Till KTH:s startsida Till KTH:s startsida

Advanced assignment

Advanced assignment: Controlling Phylip programs

Completing this assignment will raise your grade one step.

The purpose of this assignment is to practice using a couple of advanced standard Python modules, tempfile and subprocess or pexpect. Using such modules, you can use use Python as a glue language.

Write a Python program that reads a protein alignment on Fasta format and runs a Phylip bootstrap analysis. The filename and number of boostrap replicates are supposed to be commandline arguments and the output should be a Newick tree written to stdout.

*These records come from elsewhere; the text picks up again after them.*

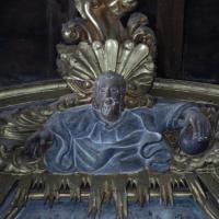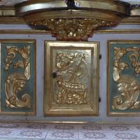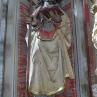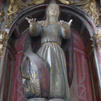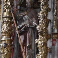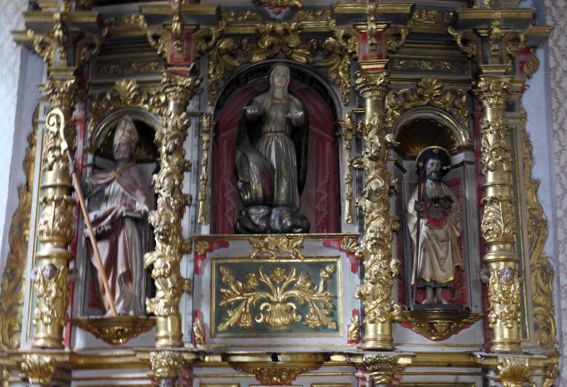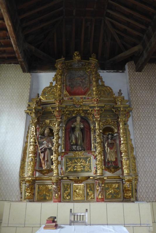 Recuerda la tipología de este retablo, tanto en sus formas como en sus soportes a uno de los laterales (sin policromadas) de la iglesia de San Martín de Salas de los Barrios. En él se integraron, además, imágenes de distintas épocas, quizá procedentes de retablos ya desaparecidos o incluso de otros edificios (hospitales, por ejemplo). El basamento va jalonado por ménsulones y niños atlantes, mientras que el cuerpo principal se divide entre calles mediante finas columnas salomóncias y soportes abalaustrados. El ático, de cierto desarrollo, muestra en su centro un relieve octogonal de las Benditas Ánimas y dos aletones en los laterales. Tres son las imágenes de bulto que llenan las hornacinas en arco de medio punto que completan en cuerpo central. Respecto a la decoración secundaria abundan los motivos fitomorfos, todos dorados, que se mezclan con una superficie de colores lisos próxima a los gustos del siglo XIX a base de marmoleados y jaspeados.
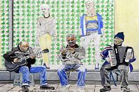 Muzikanten uit oosteuropa voor een etalage van een modewinkel op het Damrak.
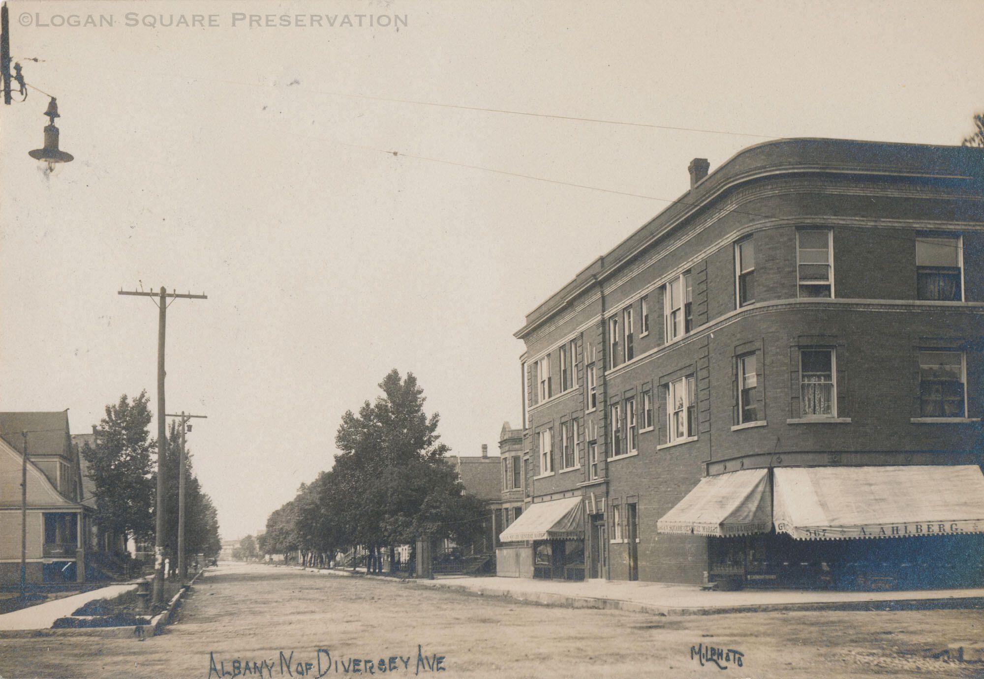 Real-photo postcard view of Albany Avenue north of Diversey and A. Ahlberg grocery on northeast corner, circa 1909Subject Person/Organization
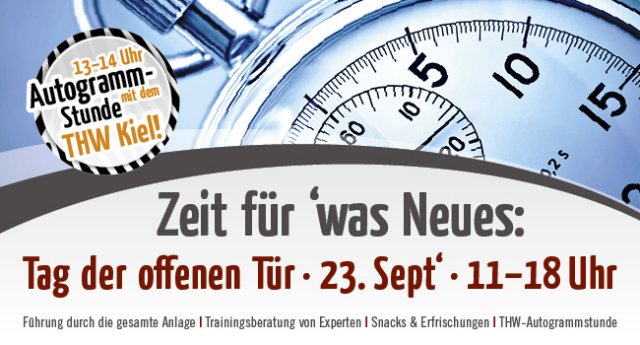 Am Sonntag, dem 23. September, veranstaltet das Mare Health in Schönkirchen, offizieller Fitness-Partner des THW Kiel, einen Tag der offenen Tür. Unter dem Motto "Zeit für 'was Neues" wartet auf Interessierte von 11 bis 18 Uhr im Söhren 47 ein abwechslungsreiches Programm, zu dem unter anderem Führungen durch die gesamte Anlage und eine Trainingsberatung von Experten gehören. Höhepunkt des "Tags der offenen Tür" ist eine Autogrammstunde mit drei THW-Stars.
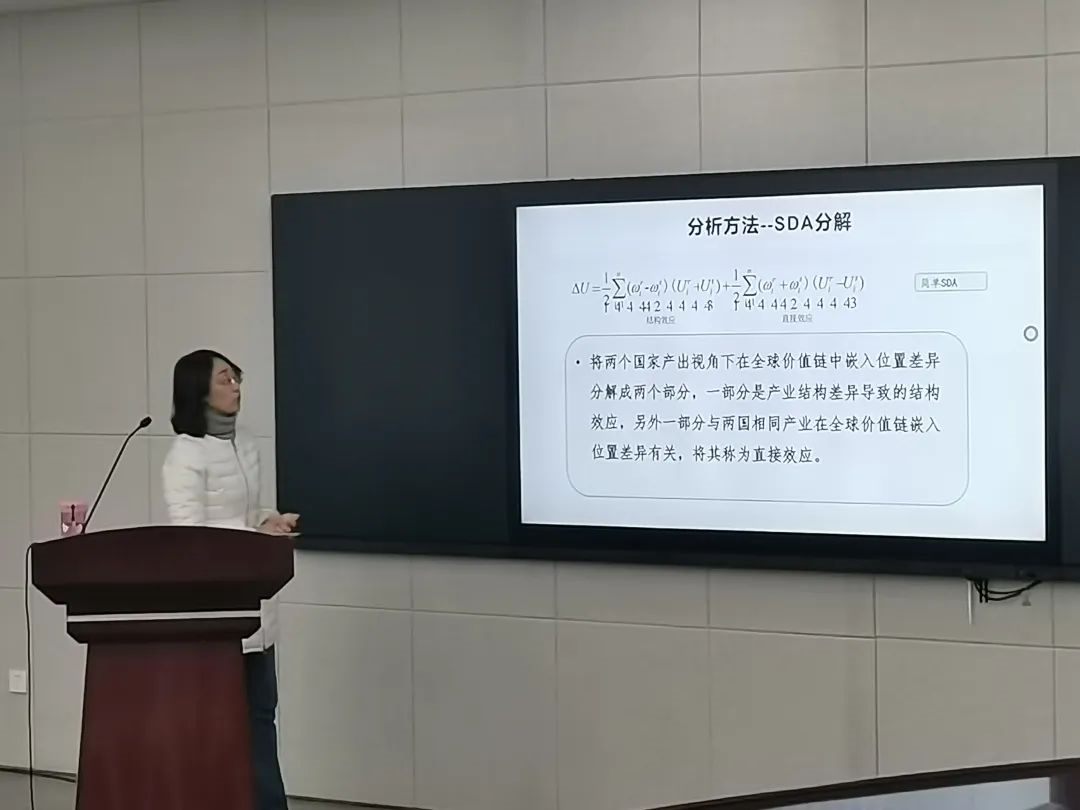 在进行了金融价值链的理论分析后,为了让同学们在未来更好地应用理论,戴老师为同学们讲解了SDA分解的分析方法来处理分析实际数据,将两个不同国家在全球经济链嵌入位置差异分为结构效应和直接效应两个部分,并基于中美两国的嵌入位置差异为同学们现场分析数据,通过对数据的比较,得出了中美两国在全球价值链的距离在逐渐拉大的结论。
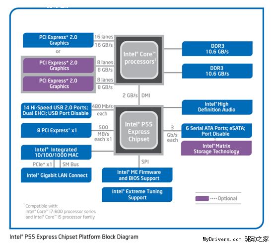 除了芯片方面进军单路服务器外,英特尔也特意为单路服务器设计了芯片组--P55 Express芯片组。
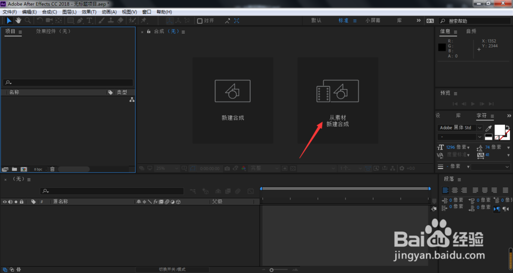 1、我们打开AE,点击从素材新建合成
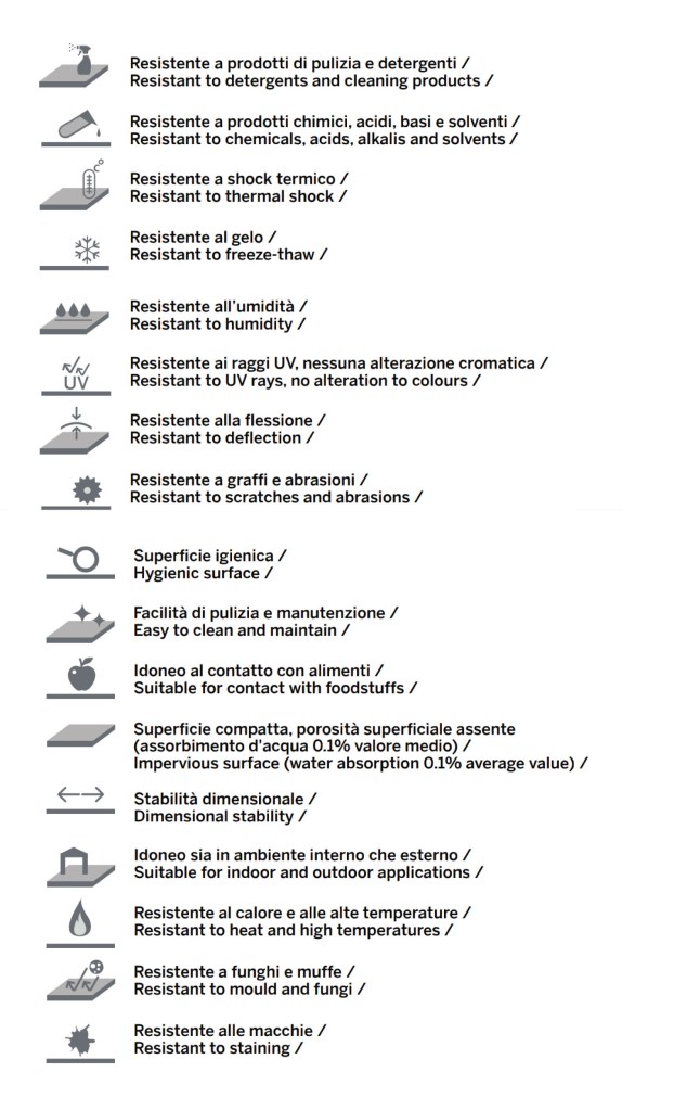 Il gres porcellanato è una ceramica compatta non porosa ottenuta da argille feldspati, caolini e sabbia, materie prime che vengono macinate finemente ed impastate. Avviene poi una cottura in forno ad una temperatura compresa tra i 1250 e 1350 gradi. A tali temperature avviene una fusione parziale chiamata greificazione. Dopo tale processo si raggiunge stato di vetrificazione e impermeabilità con valori di assorbimento inferiori alla 0,3 % . Si tratta di un prodotto con un’elevata resistenza alle sollecitazioni meccaniche, agli attacchi chimici, ai graffi e all’abrasione. La tecnologia avanzata con la quale viene prodotto permette di essere facilmente igienizzabile, resistere agli sbalzi di temperatura, al fuoco, alle muffe e ai raggi UV senza alterare colori, caratteristiche e proprietà.

You can read about the necessary Phylip programs on the web. Note, however, that on Ubuntu computers, you start neighbor with the command


> phylip neighbor

instead of plain "neighbor".

Requirements

  • Phylip does not allow accessions longer than 10 characters. This is a hard limit and Phylip programs misbehave if it is violated. Your program must rename sequences internally so that Phylip works well. The output must have the original names however.
  • Your program should not leave any temporary files laying around! In particular, there should be no file named "infile", "outfile", or similar in the directory where your program was called. Solve this using the tempfile module.
  • A session should look something like:
    
    
> bootstrap small.fa 100
((((horse:100.0,(dog1:100.0,dog2:100.0):100.0):60.0,rat:100.0):100.0,
orang:100.0):100.0,human:100.0);
> bootstrap small.fa
Error: You have to specify the number of bootstraps.

Usage: 
   bootstrap <filename> <number of boostraps>

Hints

  • Use BioPython for reading and writing alignments.
  • All Phylip programs read stdin for instructions. You will therefore have to create input to them dynamically.
  • It is common to miss the actual bootstrap step: you have to instruct Phylip programs to read from multiple datasets!
  • Use a Python module for controlling subprocesses. There are two alternatives:
    • The subprocess module: I have used this with success in the past, but some students have had issues with this module (at least using the waitfuntion, which is a good idea).
    • Pexpect: An alternative to subprocess is the pexpect module. Try it if you don't like subprocess!

Test data

To present:

  1. Your Python program, code and test runs
  2. How have you dealt with temporary files?
  3. How have you worked with the subprocess module?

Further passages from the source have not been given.